▶ _Required work_
In the data below, one line contains "alarm clock autumn" and a later one contains "Template Apply to". Print both, with every line between them, exactly and alone.

▶ _Data for this exercise_
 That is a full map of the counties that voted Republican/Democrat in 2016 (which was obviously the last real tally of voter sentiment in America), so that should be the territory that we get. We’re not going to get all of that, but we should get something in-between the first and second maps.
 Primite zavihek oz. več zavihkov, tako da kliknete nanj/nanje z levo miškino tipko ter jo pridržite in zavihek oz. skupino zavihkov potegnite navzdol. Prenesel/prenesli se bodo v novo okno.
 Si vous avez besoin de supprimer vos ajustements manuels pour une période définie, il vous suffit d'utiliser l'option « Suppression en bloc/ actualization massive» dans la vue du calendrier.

--

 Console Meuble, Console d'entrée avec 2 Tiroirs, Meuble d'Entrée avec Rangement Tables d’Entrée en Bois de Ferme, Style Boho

--

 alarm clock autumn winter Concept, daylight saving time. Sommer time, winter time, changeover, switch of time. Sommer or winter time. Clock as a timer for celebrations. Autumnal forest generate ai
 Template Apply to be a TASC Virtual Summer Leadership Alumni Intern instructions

▶ _Response box_
 alarm clock autumn winter Concept, daylight saving time. Sommer time, winter time, changeover, switch of time. Sommer or winter time. Clock as a timer for celebrations. Autumnal forest generate ai
 Template Apply to be a TASC Virtual Summer Leadership Alumni Intern instructions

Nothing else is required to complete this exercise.